The Warda and Han paper has been officially retracted, and the editor has made an official statement, as reported in the Chronicle of Higher Ed.
The paper has drawn a blizzard of criticism in the blogosphere about the peer-review process at the journal, Proteomics. The editor of the journal, Michael J. Dunn, a professor at University College Dublin’s Conway Institute of Biomolecular and Biomedical Research, told The Chronicle last week that the paper had passed peer review.
Today’s announcement says that the two authors of the article, who are scientists at Inje University, in South Korea, agreed to the retraction. Initially only one of the authors had asked for a retraction.
In the news announcement, Mr.

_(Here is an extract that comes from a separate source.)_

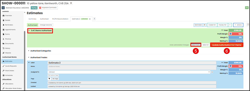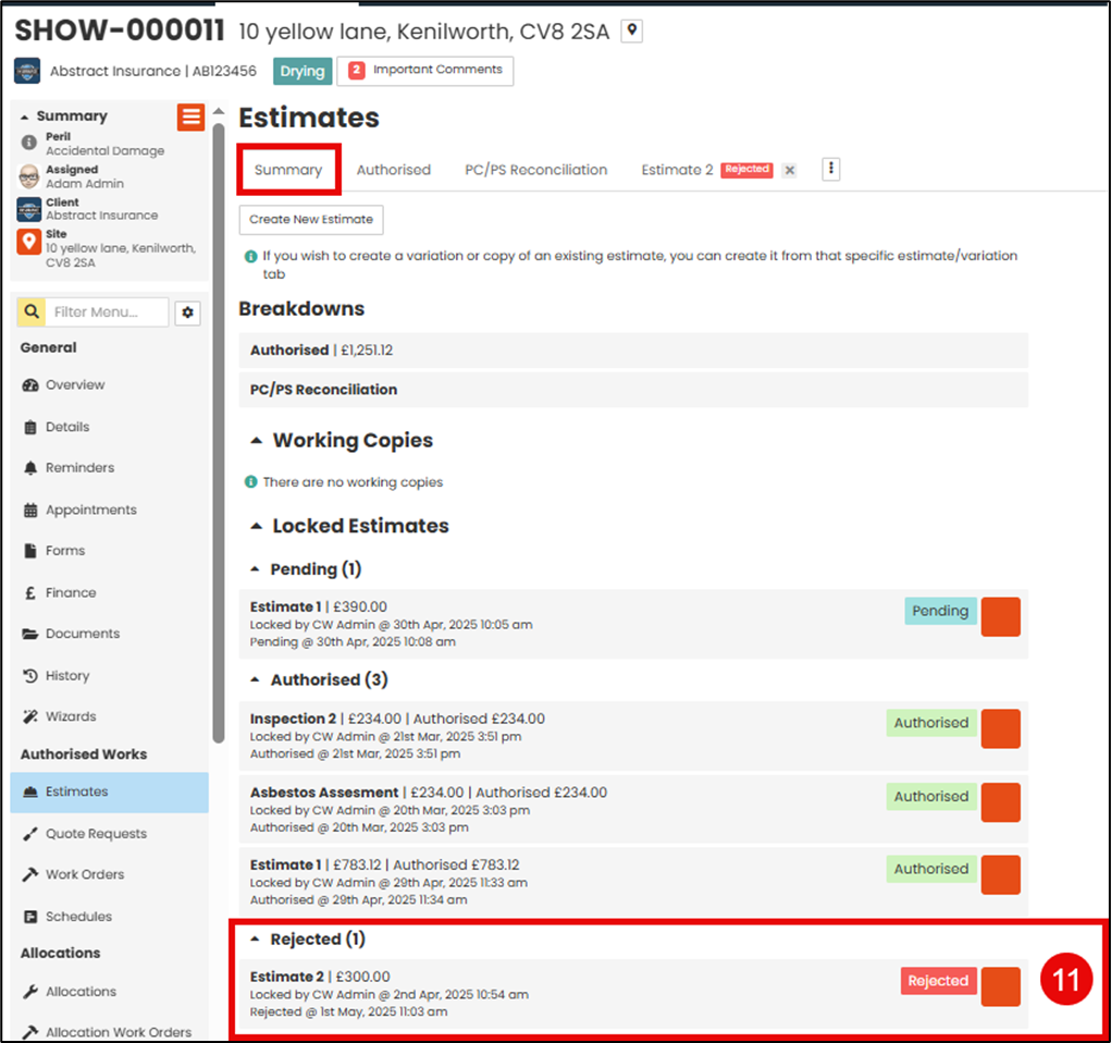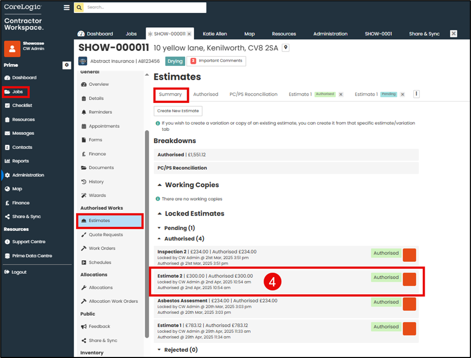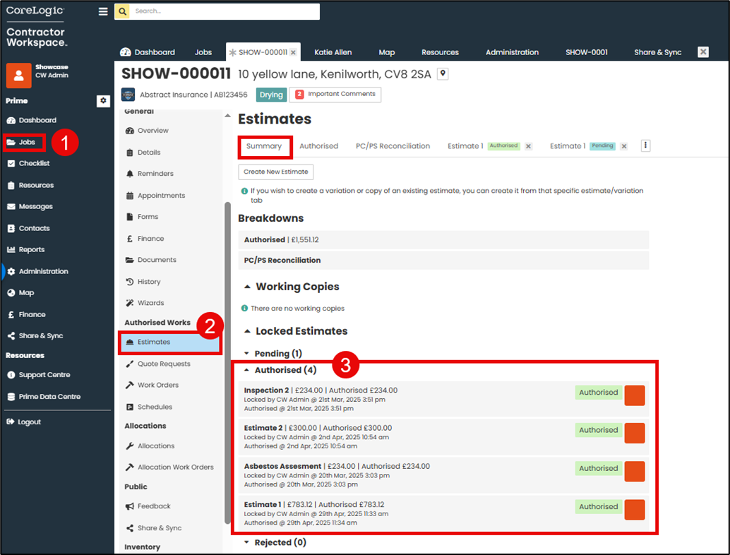 Locked and authorised estimates will be displayed in the Estimates Summary tab
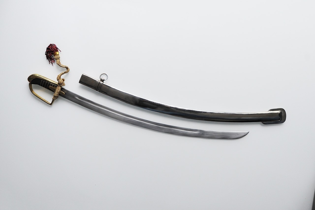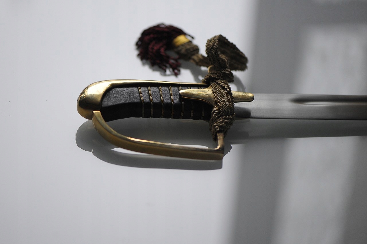 < б>ИСТОРИЯ: Закрытая, однорычажная ручка, латунная рама. Прямая перекладина. Спинная часть перекладины заканчивается круглой, сплюснутой вертикально «каплейкой». Передняя рука согнута под прямым углом и превращается в бантик, полукругло согнутый в верхней части, соединенный с головой. Голова с клювом слегка наклонена вперед. Навершие навершия с длинной тесьмой, доходящей до перекладины. В верхней части головки имеется винт с прорезью для отвертки. Рукоять деревянная, обтянута черной хромированной кожей, с горизонтальным рифлением и обвита латунной, спирально скрученной проволокой. Под ручкой имеется кожаная накладка. Сабля такой конструкции была самой популярной саблей в межвоенный период. Приказом военного министра № 280 от 12 апреля 1921 г. сабли wz.1921/22 были введены в Войске Польском как уставное оружие для всех родов вооруженных сил. Первоначально для сабли была утверждена конструкция клинка, стачивавшегося в один спинной паз, но приказом № 79 31 января 1922 года в офицерских саблях был разрешен клинок с тремя узкими насечками. Помимо офицерской сабли, существовали также унтер-офицерские сабли wz.1921/22 и солдатские сабли wz.1921. ИСТОЧНИК: Музей Войска Польского

Dunn said: “Clearly human error has caused a misstep in the normally rigorous peer review that is standard practice for Proteomics and should prevent such issues arising.”
The plagiarism is bad all right, but my main concern was that such a blatantly goofy paper made it through peer review. How? All Dunn is saying is that it did pass review, which suggests that somehow, someone read it and didn’t pull the alarm, and even approved it. Was it a lazy reviewer? Or was it some other kind of hole in the process? “Human error” is an awfully vague label.
We may not ever get an answer, but you know everyone will be scrutinizing Proteomics papers critically. Other journals, too, of course — a reader just sent me another freaky paper that I’ll describe tomorrow.